**Exercise**
Exactly the lines below from the line with "Neighbors gathered quickly" through the line with "Golden Semi Silk" must make up the answer, both ends included and pictures left out.
Input records START
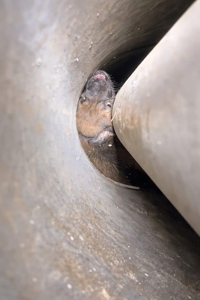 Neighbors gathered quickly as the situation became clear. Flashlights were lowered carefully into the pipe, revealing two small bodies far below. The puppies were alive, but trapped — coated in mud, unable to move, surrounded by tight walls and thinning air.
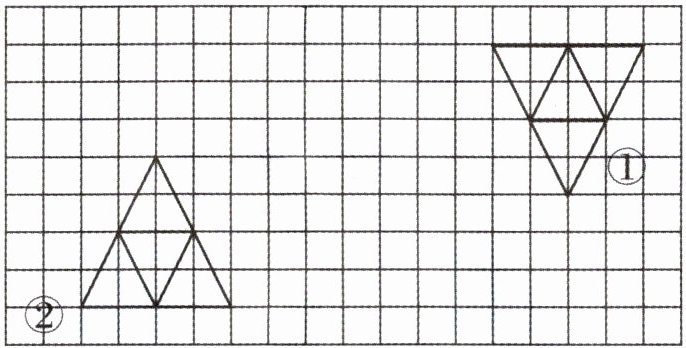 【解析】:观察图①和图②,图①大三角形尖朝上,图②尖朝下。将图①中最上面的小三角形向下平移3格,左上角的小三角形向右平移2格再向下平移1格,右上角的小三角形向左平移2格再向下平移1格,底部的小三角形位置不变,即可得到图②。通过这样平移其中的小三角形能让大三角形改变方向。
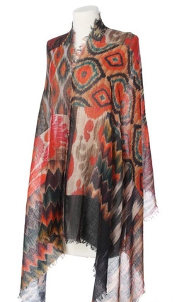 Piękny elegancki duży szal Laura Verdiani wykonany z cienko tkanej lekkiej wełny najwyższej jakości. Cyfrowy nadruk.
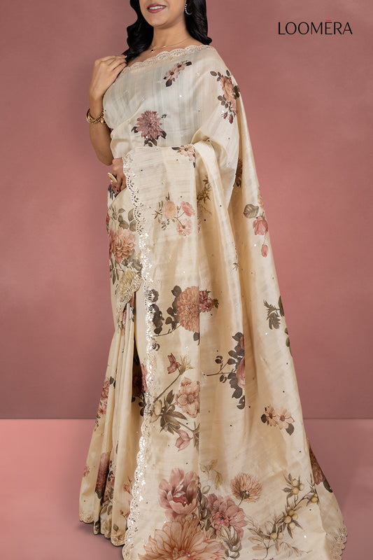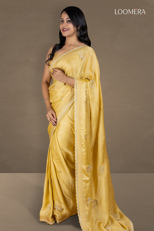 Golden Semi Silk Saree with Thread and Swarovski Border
Input records END
Input records START
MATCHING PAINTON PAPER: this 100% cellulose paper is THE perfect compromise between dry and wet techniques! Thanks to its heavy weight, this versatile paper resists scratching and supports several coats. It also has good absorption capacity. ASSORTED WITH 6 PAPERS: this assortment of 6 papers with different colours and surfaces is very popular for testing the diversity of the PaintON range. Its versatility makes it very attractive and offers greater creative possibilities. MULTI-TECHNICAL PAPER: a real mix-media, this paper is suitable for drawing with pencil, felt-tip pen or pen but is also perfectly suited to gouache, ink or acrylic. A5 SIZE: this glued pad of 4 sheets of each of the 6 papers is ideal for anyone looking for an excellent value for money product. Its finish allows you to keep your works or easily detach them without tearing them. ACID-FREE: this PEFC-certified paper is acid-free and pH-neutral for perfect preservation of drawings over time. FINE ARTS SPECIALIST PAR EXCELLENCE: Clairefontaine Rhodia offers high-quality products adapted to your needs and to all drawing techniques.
Input records END
Input records START
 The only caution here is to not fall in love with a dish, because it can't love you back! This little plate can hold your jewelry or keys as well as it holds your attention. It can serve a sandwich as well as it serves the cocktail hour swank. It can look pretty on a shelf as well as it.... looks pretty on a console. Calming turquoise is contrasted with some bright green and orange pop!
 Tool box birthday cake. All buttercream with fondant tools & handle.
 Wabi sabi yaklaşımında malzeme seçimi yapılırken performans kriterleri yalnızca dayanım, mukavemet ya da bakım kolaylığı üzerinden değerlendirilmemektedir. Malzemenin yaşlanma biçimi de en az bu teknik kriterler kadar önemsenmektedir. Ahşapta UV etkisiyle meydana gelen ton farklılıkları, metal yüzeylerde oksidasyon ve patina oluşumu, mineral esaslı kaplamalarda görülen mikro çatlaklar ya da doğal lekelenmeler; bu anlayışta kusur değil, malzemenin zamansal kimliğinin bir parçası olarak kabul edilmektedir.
Input records END
**Task answer**
 Neighbors gathered quickly as the situation became clear. Flashlights were lowered carefully into the pipe, revealing two small bodies far below. The puppies were alive, but trapped — coated in mud, unable to move, surrounded by tight walls and thinning air.
 【解析】:观察图①和图②,图①大三角形尖朝上,图②尖朝下。将图①中最上面的小三角形向下平移3格,左上角的小三角形向右平移2格再向下平移1格,右上角的小三角形向左平移2格再向下平移1格,底部的小三角形位置不变,即可得到图②。通过这样平移其中的小三角形能让大三角形改变方向。
 Piękny elegancki duży szal Laura Verdiani wykonany z cienko tkanej lekkiej wełny najwyższej jakości. Cyfrowy nadruk.
 Golden Semi Silk Saree with Thread and Swarovski Border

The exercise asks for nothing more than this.